When Negative Thoughts Resurface – Psychology Today
Your thoughts always matter because they are what set the foundation for how you feel about yourself and others. Often we refer to it as our ‘self-talk’ and it can make us or break us. What’s important to understand is that we have full control over the way we think and exactly what we think about.
Those who seem to always be positive and radiate energy toward others likely have their thoughts in check. They have developed their ability over time to mostly dwell on thoughts that will serve them and to block out the others. When our thoughts of the past and of our mistakes start to impede with what we are doing now in the present, it’s dangerous – dangerous to our future self.
Even as we’ve tried to block negative thoughts out, they do exist and they keep popping up from time to time, as if to remind us that we should listen to them. It can make us feel trapped in our mind as a sort of prisoner.
You might feel like there is nothing you can do about your thoughts, but I promise you there is. Anything that is counterproductive, causes pain to you or makes you fearful can and will be blocked out – trust me on that one – we just need to work on some strategies and tools.
So how can we learn to direct our thoughts better if we’re unsure how to control them? Let’s start with an example;
A man was playing basketball down at the park with his two children. It so happened that the man accidentally tripped and landed on his son, causing him to fracture his leg. He felt terrible about it, but it was an accident.
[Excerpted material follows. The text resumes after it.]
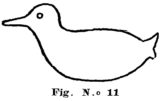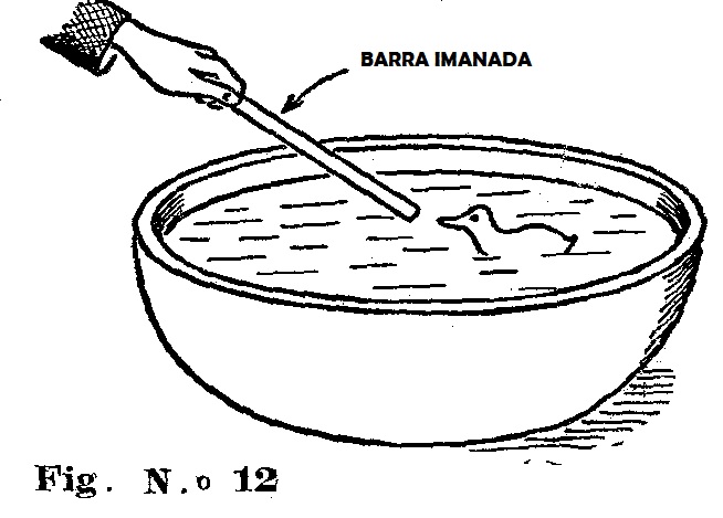 Este interesante juguete se basa en el siguiente experimento. Hágase una figura de un pato, de un trozo de madera, como se ve en la figura 11, y de modo que flote en el agua. Cuando se haga el pato, ocúltese en su pico una pequeña barrita de acero imanada. Ahora, si se acerca el polo norte de una barra imanada el pico del pato este seguirá los movimientos de la barra, como ilustra la figura 12. Si se acerca el polo sur, el pato retrocederá.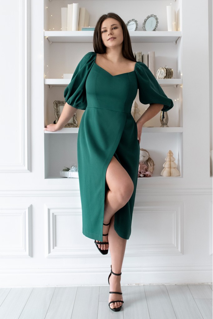 Підготовку до вечірки правильно розпочинати з вибору святкової сукні, і представлений варіант підійде як найкраще. Виріб має міді довжину та щільно прилягає по фігурі. Попереду горловина зроблена з вирізом «каре».

He rushed his son to the doctor where his worst predictions were confirmed - his son's leg was in fact fractured. The doctor placed a cast on his son's leg and ensured that the injury would heal quickly - remarkably his son did not seem to be in too much pain, which helped to put the man at ease.
By the time they arrived home, his son was happy - enjoying his bowl of ice-cream. Once the young son lay calm on the couch, the father took some time to himself to reflect on what had happened. He just felt, really really bad that he had hurt is son. He sobbed a little. As tough as it is to see your child hurt, it becomes a bit tougher when you know that you contributed to the cause of it.
The father understood that accidents happen and it made him feel a bit better. He needed to realise though, that dwelling on what happened would not bring him any good. The next day, his son was happy and cheerful once again, but the father still felt a sense of anguish. As time passed the father would cycle through negative thoughts of guilt, anxiety, depression and self-loathing. He couldn't enjoy spending time with his children because his thoughts were beginning to overrule everything. Even though his son was on the mend, he couldn't express the joy you would think he'd have.
The issue he was having was that memories kept popping up and he couldn't stop replaying the events that had happened. He knew he was going to feel awful unless he could free himself from these unwanted thoughts. He needed the block them out.
There is a theory known as ironic monitoring theory. What it highlights is that, when attempting to block out a thought, (for example thinking about a “red balloon”) part of your brain is scoping out if any thoughts of a red balloon already exist, so it can throw them in the trash.
Ironically, this scoping out of thoughts of a “red balloon” actually makes thoughts of a red balloon more accessible. You start thinking about red balloons even more. Once you let down your guard, all these thoughts that were generated when suppressing these thoughts start to resurface again at different times. All you can think about is red balloons.
So what this indicates is that blocking out a thought does not require you to “find” the thoughts already exist in your mind as such and then get rid of them. You don’t need to believe that your brain has some sort of hidden agenda against you, you need to trust your brain. The key is to just stop thinking about these thoughts altogether, the ones that already exist will diminish over time as we stop calling on them. We need to accept that blocking out thoughts is difficult, but we don’t need to re-explore negative thoughts to get them out, we just need to replace them with positive thoughts.
If we want to stop thinking about the red balloon, we shouldn’t try to get the red balloon thought out of our head (we don’t need to). Instead, we should start thinking about a black panther, for example. The black panther will direct our thoughts to something else, something better. The same goes for positive and negative thoughts. We don’t need to “find” the negative thoughts and remove them, we just need to replace them with positive thoughts.
The second thing we need to consider is that sometimes these thoughts will resurface from time to time and we need to create a plan for responding to them. Some people are happy to just ignore the thoughts, while others will need to replace them with more positive ones – plan ahead with what works for you. For example, “If I am afraid of something, I will remember all the times when I was courageous.” These things work, just make sure you have them ready in your tool box so you can call on them when needed.
In saying all this, we shouldn’t just block out ALL negative thoughts IMMEDIATELY. Sometimes reflection over time on these thoughts is what helps us to learn and grow. However, when there is nothing left to be gained through this reflection time, that’s when we need to block the thought/s out.
I hope you’re pleased to know that you now have more awareness about controlling your thoughts – it will serve you well.